My interest in Shooter’s alternate history of the universe is nil.
Yet readers keep trying to get me to write about him again. I was
recently e-mailed about an installment of Shooter’s blog in which
Shooter apparently ran scans of internal correspondence from when
he was running Marvel editorial.
The reader wrote:
Shooter is publishing internal Marvel correspondence and memos.
Isn't there a legal consequence? I always thought one had to sign
a confidentiality agreement. Couldn't the former Editor and Chief
would be held accountable for saying negative comments about his
former employer and employees?
I don’t know what Shooter signed or how long it remains in effect,
so I don’t know that he breached anything beyond basic courtesy
in publishing the private correspondence from people who worked for
Marvel in those days. It was a dick move, but, really, why would
that surprise anyone?
No one needs to send me anything else about what runs in Shooter’s
blog...unless it’s about me and it involves what he claims as fact.

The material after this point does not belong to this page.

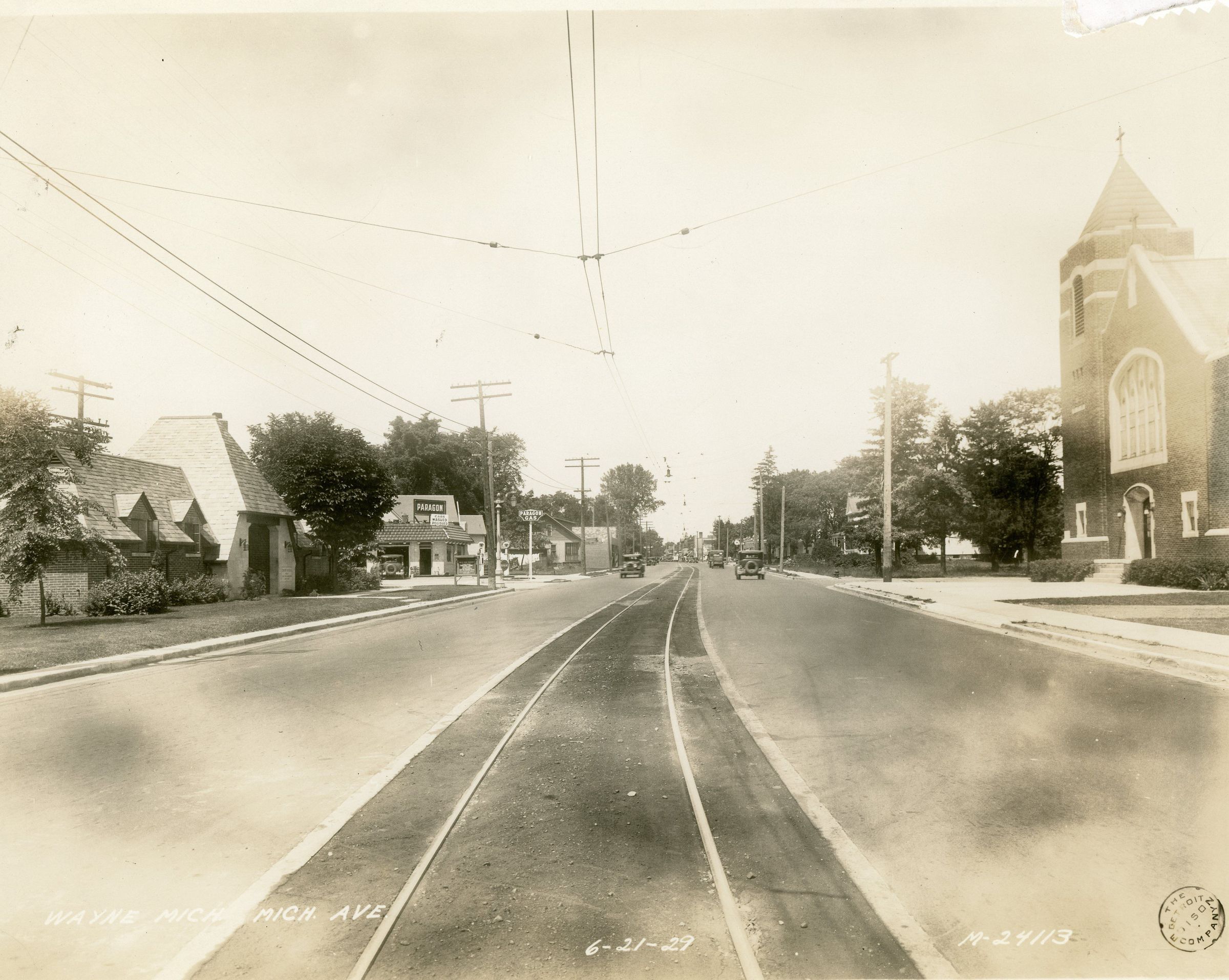 Michigan Avenue looking West from St. Marys, between 3rd and 4th street. Comfort station at left, Paragon gas station, St. Marys Church on right. c. 6-21-1929.Cataloged By

I can’t imagine he’d be foolish enough to poke me again on matters
of fact and, whatever his opinions of me, they are inconsequential
I am what I am, a writer who writes true things in my fiction and
my non-fiction. The days when I gave a shiitake mushroom about
what the likes of Shooter thinks of me are long past.
More updates on this and that are on the way. However, I’m taking
a few days off from posting blogs while I’m at the Detroit FanFare.
Depending on how exhausted I am when I return to Casa Isabella, I
will resume blogging on Wednesday or Thursday.
Comment moderation will be activated while I’m gone, meaning that
your comments won’t be published until I return. You’re a terrific
group of readers, but it seems prudent of me to cover all the bases
while I’m out of town.
Thanks for reading. I’ll be back soon with more stuff.